Nos tempos de um Portugal muito diferente viveu os primeiros anos – os da descoberta do mundo – em Nova Iorque. Nos dias de juventude somou experiências em Paris, Londres e teve uma banda na Suécia. E quando, na aurora dos anos 80, uma movida transformou a noite de Lisboa e criou alicerces para a criação de novas formas de expressão, Ana Monteiro, então já conhecida como Anamar, foi um dos rostos de uma cidade que se transformava. Passou pela porta do Frágil, que era um dos mais importantes polos de toda essa movida que rapidamente ligou gente das artes, da moda, da comunicação. Fez cinema. E aquele look de diva do ecrã, com algo hollywoodesco clássico, pelo que não faltaram comparações a uma Rita Hayworth, assim como a personagem que ela mesmo foi moldando, acabaram por ter como expressão maior um percurso na música que começou por associá-la às duas mais importantes editoras independentes que então surgiram em Lisboa, acabando depois, na reta final dos anos 80, por viver um período de ligação à PolyGram, editora para a qual lançou dois álbuns, o primeiro deles Almanave, uma das pérolas mais belas e mais esquecidas de uma visão “alternativa” que então nasceu como fruto direto das transformações numa cidade que descobria finalmente a pujança de uma cultura “jovem” e aprendia a ser cosmopolita e ousada.

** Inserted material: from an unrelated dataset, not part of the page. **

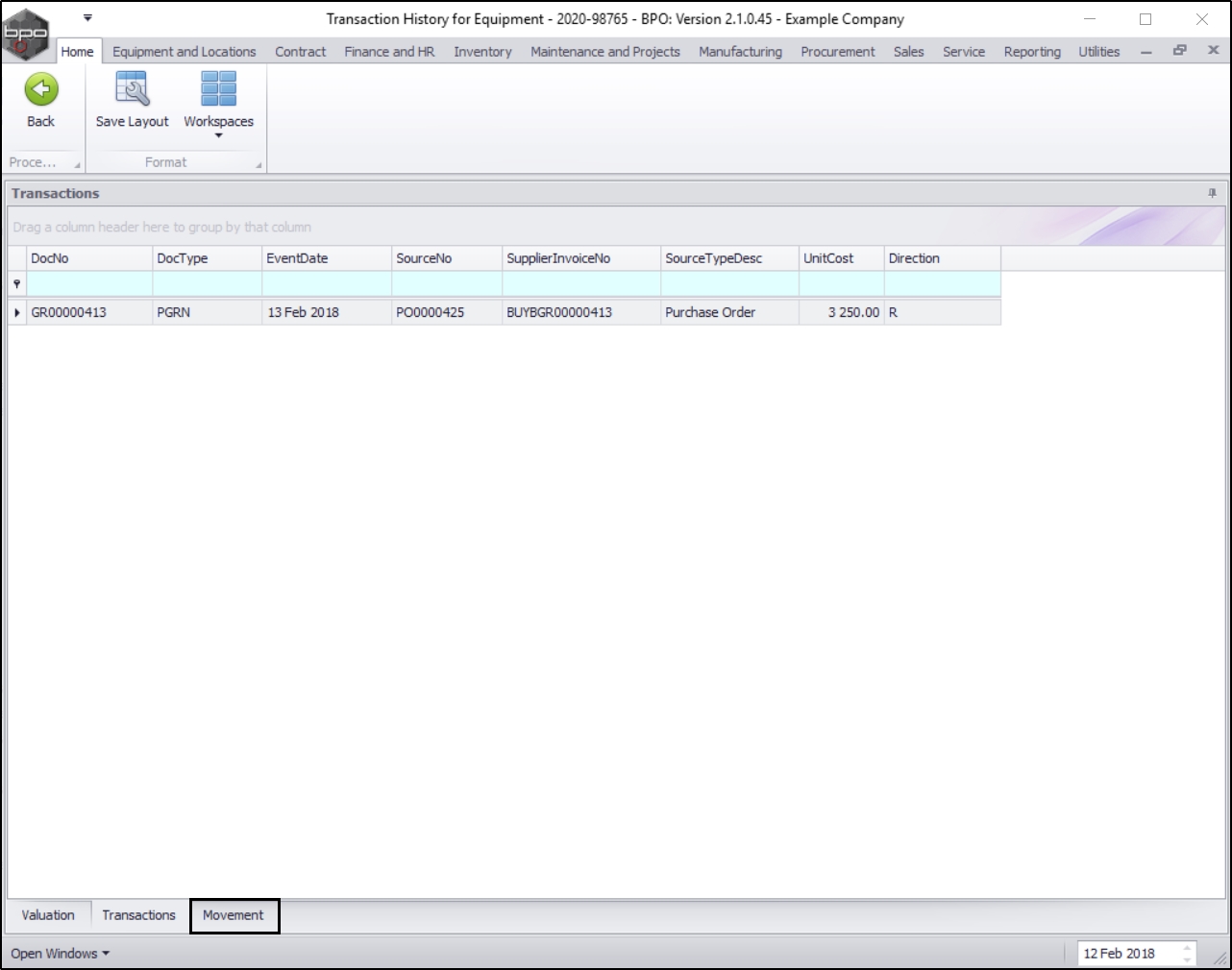 - Now you can view the Movement History for this item.

Depois de ter editado em 1983 o single Baile Final pela Fundação Atlântica – e deixado na gaveta um álbum gravado, mas nunca editado, com canções de Miguel Esteves Cardoso e Pedro Ayres Magalhães –, ao qual se seguiu o EP Amar Por Amar (na altura dizia-se apenas máxi, referindo-se o formato de doze polegadas do disco), que lançou pela Ama Romanta em 1987, eis que o desafio de voltar a estúdio para criar um novo ciclo de canções ganhou forma e com final feliz. Sobretudo lembrado pela versão (nada canónica) da Canção do Mar, que abre o alinhamento, mas juntando depois um alinhamento que desenha um ambiente desafiante, para alguns talvez exótico, mas no mínimo sempre envolvente, no qual Anamar alia uma teatralidade que lhe era natural a uma voz mais focada na expressão de uma identidade do que com desejo de ir atrás de modelos e paradigmas de terceiros. É essa força primordial, que está tanto no canto como em composições e arranjos que transcendem os limites habituais dos géneros e geografias da música, respirando liberdades que ora são fadistas ora mouriscas, ora pop ora coisa (saudavelmente) inclassificável, que faz de Almanave um disco ao mesmo tempo encantador e audaz (quem não conhece escute esse momento maior que surge em Tudo Dar, canção que encerra o lado B). E vale a pena lembrar que Almanave nasceu no mesmo ano que viu chegar às lojas Free Pop dos Pop Dell’Arte ou Coisas Que Fascinam dos Mler Ife Dada, expressões de uma vitalidade pop destemida que então borbulhava por estes lados e que, no fundo, partilha terreno com a própria emergência dos Madredeus, que nesse mesmo ano apresentam o seu disco de estreia… Que ano este foi na história da música portuguesa!
Para criar Almanave Anamar voltou a chamar Emanuel Ramalho – com quem já colaborara no EP Amar Por Amar – que aqui partilha a produção com Jorge Barata. Nuno Rebelo (então nos Mler Ife Dada) assina algumas das composições e arranjos, em alguns casos em parceria com Emanuel Ramalho. Anamar escreve grande parte das letras. Mas depois chama palavras de Fernando Pessoa a Ana, Ai Maria, sobre um tema musical popular. Também de origem popular, Maçadeiras reforça o sentido de liberdade na busca de fontes e de inspiração que não se fecha nem na cidade nem no presente. Canta por isso Frederico de Brito e Ferrer Trindade na Canção do Mar. E Frederico Valério (música) e Silva Tavares em Sabe-se Lá. Estes diálogos entre passado e presente, entre fado e pop, entre ecos de outras culturas e lugares e uma música urbana moderna ocidental, fazem de Almanave um espaço de encontros moldado pela personalidade de uma voz. A experiência teve continuidade imediata em Feiabonita, que a PolyGram lançou dois anos depois. Houve mais discos, mas noutras editoras e com grandes hiatos entre si… Estes dois, particularmente Almanave, traduzem retratos de um tempo de aventura e transformação. Ajudam a contar a história de uma cidade animada por um novo sentido de liberdade e de descoberta… Estranho por isso o facto de Almanave nunca ter conhecido uma edição em CD (apesar de ter merecido da editora Universal uma recente reedição em vinil).